* **Problem**
Line by line, reproduce exactly the beginning of the listing below, ending with the line that contains "X Factor 2025" and adding nothing.

»»

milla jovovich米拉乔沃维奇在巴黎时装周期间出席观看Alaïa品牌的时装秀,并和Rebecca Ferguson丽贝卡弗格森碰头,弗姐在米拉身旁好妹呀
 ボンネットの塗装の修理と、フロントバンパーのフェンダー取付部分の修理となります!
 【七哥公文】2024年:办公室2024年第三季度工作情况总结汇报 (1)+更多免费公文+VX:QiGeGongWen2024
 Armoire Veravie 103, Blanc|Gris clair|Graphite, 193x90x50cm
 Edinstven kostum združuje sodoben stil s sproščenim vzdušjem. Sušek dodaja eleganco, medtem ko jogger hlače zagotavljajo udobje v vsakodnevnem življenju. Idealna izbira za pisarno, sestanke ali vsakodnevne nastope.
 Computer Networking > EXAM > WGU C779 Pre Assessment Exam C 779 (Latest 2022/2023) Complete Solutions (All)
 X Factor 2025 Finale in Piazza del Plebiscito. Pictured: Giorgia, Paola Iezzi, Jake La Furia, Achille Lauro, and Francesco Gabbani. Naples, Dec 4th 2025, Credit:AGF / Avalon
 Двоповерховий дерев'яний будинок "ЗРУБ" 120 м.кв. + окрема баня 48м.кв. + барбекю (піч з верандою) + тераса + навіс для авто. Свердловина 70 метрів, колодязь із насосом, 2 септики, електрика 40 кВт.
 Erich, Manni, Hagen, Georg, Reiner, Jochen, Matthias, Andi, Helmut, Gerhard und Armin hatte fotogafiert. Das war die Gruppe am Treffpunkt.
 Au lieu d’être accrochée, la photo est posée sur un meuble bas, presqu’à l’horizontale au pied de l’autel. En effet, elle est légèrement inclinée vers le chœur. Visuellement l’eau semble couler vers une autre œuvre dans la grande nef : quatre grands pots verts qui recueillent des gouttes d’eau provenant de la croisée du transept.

««

* **Result for this exercise**
milla jovovich米拉乔沃维奇在巴黎时装周期间出席观看Alaïa品牌的时装秀,并和Rebecca Ferguson丽贝卡弗格森碰头,弗姐在米拉身旁好妹呀
 ボンネットの塗装の修理と、フロントバンパーのフェンダー取付部分の修理となります!
 【七哥公文】2024年:办公室2024年第三季度工作情况总结汇报 (1)+更多免费公文+VX:QiGeGongWen2024
 Armoire Veravie 103, Blanc|Gris clair|Graphite, 193x90x50cm
 Edinstven kostum združuje sodoben stil s sproščenim vzdušjem. Sušek dodaja eleganco, medtem ko jogger hlače zagotavljajo udobje v vsakodnevnem življenju. Idealna izbira za pisarno, sestanke ali vsakodnevne nastope.
 Computer Networking > EXAM > WGU C779 Pre Assessment Exam C 779 (Latest 2022/2023) Complete Solutions (All)
 X Factor 2025 Finale in Piazza del Plebiscito. Pictured: Giorgia, Paola Iezzi, Jake La Furia, Achille Lauro, and Francesco Gabbani. Naples, Dec 4th 2025, Credit:AGF / Avalon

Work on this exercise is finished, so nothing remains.